No dia em que o Hamas invadiu Israel, em 7 de outubro, alguns fotógrafos de Gaza foram avisados. Daí surgiram as fotos de terroristas comemorando a invasão em cima de tanques israelenses capturados. Para militares israelenses, se eles souberam antes do que era um segredo militar, seriam mais cúmplices do que jornalistas. E pediu às agências que compraram as fotos que os demitissem.

Aqui, teve início o que foi a causa mortis de muitos dos mais de cem jornalistas mortos em Gaza. Israel justificava as mortes dizendo que, na verdade, atirou em terroristas, só depois sabendo que entre eles havia alguém da imprensa, normalmente vestido com colete a prova de balas em que se lia em letras garrafais: PRESS.


Assim foi justificada a morte de Hamza Wael Dahdouh, filho do correspondente da Al Jazeera, Wael Al-Dahdouh: ele estava num carro com um homem que operava um drone para o Hamas, em 7 de janeiro. Outro jornalista no mesmo carro, o operador de vídeo Mustafa Thuria, a serviço da Agência France Press, foi morto também.

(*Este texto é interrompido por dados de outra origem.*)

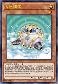 1回合1次,可以选择当作装备卡使用在自己场上存在的1张名字带有「大日」的怪兽卡表侧守备表示特殊召唤。这个效果特殊召唤的怪兽从场上离开的场合从游戏中除外。
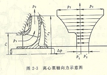 液體以低壓進入葉輪,而在高壓下流出葉輪,也就是說,葉輪人口處液體的壓力較低,葉輪背側的壓力較高,而且由于葉輪前后蓋板形狀的不對稱,使得葉輪兩側受到的液體壓力不相等,因而產生了軸向推力,如圖2-3所示。這個軸向推力作用在葉輪上,通過葉輪螺母傳遞到整個轉子上,使泵的整個轉子發(fā)生向葉輪吸人口方向的竄動,引起泵的振動,軸承發(fā)熱,甚至損壞零件。為避免軸向推力的不良影響,圖2 2所示
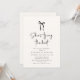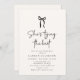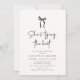 Invitación moderna y caprichosa a una ducha de novia con un ilustracion lúdico y un elegante guión con la frase "Ella está atando el nudo". El minimalista diseño blanco y negro crea una moda y una estética atemporal, perfecta para celebrar a la futura novia con estilo. Ideal para los amantes de un estilo moderno y romántico.
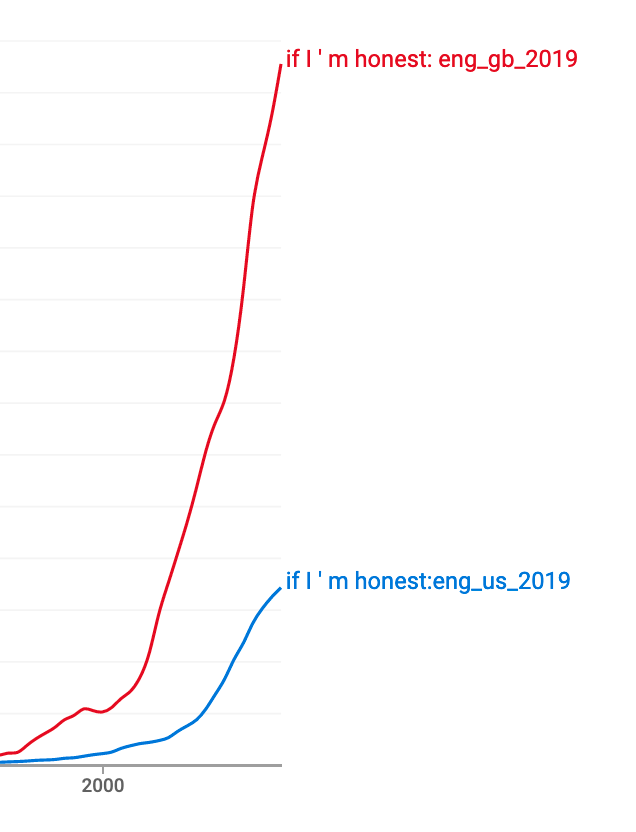 In a post on her blog, Separated by a Common Language, linguist Lynne Murphy did some investigating and found out that not only “If I’m honest,” but also the similar expressions “If I’m being honest” and “To be honest,” are used far more in the U.K. than the U.S. She goes on to muse:

Al-Dahdouh enterrou o filho e voltou a trabalhar. Ele já tinha perdido a esposa, dois outros filhos e o neto na mesma guerra. “O mundo todo deve olhar o que está acontecendo em Gaza”, ele disse. “O que acontece é uma grande injustiça contra o povo indefeso. É também injusto para nós, jornalistas”. Às críticas, o porta-voz militar divulgou um comunicado: “As IDF (Forças de Defesa de Israel) não visam jornalistas de forma propositada e tomam medidas para mitigar danos não intencionais a jornalistas e a todos os civis". E acrescenta: “As forças armadas estão visando todas as atividades militares do Hamas em Gaza", o que implica "ataques de alta intensidade, que podem causar danos em edifícios e áreas circundantes”.

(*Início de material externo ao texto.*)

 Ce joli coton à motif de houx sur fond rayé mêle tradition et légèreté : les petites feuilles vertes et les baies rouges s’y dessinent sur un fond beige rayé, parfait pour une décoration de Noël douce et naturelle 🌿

A Al Jazeera não aceitou a explicação e a rebateu, acusando Israel de "violar os princípios da liberdade de imprensa" e de “visar deliberadamente os jornalistas”. Havia um precedente, anterior à guerra em Gaza: a morte de Shireen Abu Akleh, em Jenin, na Cisjordânia. Além de palestina, ela tinha nacionalidade americana. A Al Jazeera, a organização jornalística que mais perdeu jornalistas na guerra, iniciou uma investigação independente contra Israel na Corte Criminal Internacional de Haia, na Holanda, onde também a Ong Repórteres Sem Fronteira prestou queixa. O Comitê para a Proteção a Jornalistas, em Nova York, classificou 43 das primeiras 50 mortes em Gaza como resultado de “missão perigosa”. Ela está investigando cada caso.


A guerra em Gaza é a cobertura mais mortífera para jornalistas em zonas de conflito no século XXI. Mais do que na América do Sul, onde se sobressai o México; no Afeganistão, no Iraque, em Ruanda, na Ucrânia e na guerra do Líbano, que cobri, em 1982, para jornais brasileiros. Então, para não ser alvo de aviões israelenses, recebia uma toalha para pôr no teto do carro. Cada dia ela mudava de cor. Era a informação para os pilotos: carro de jornalista.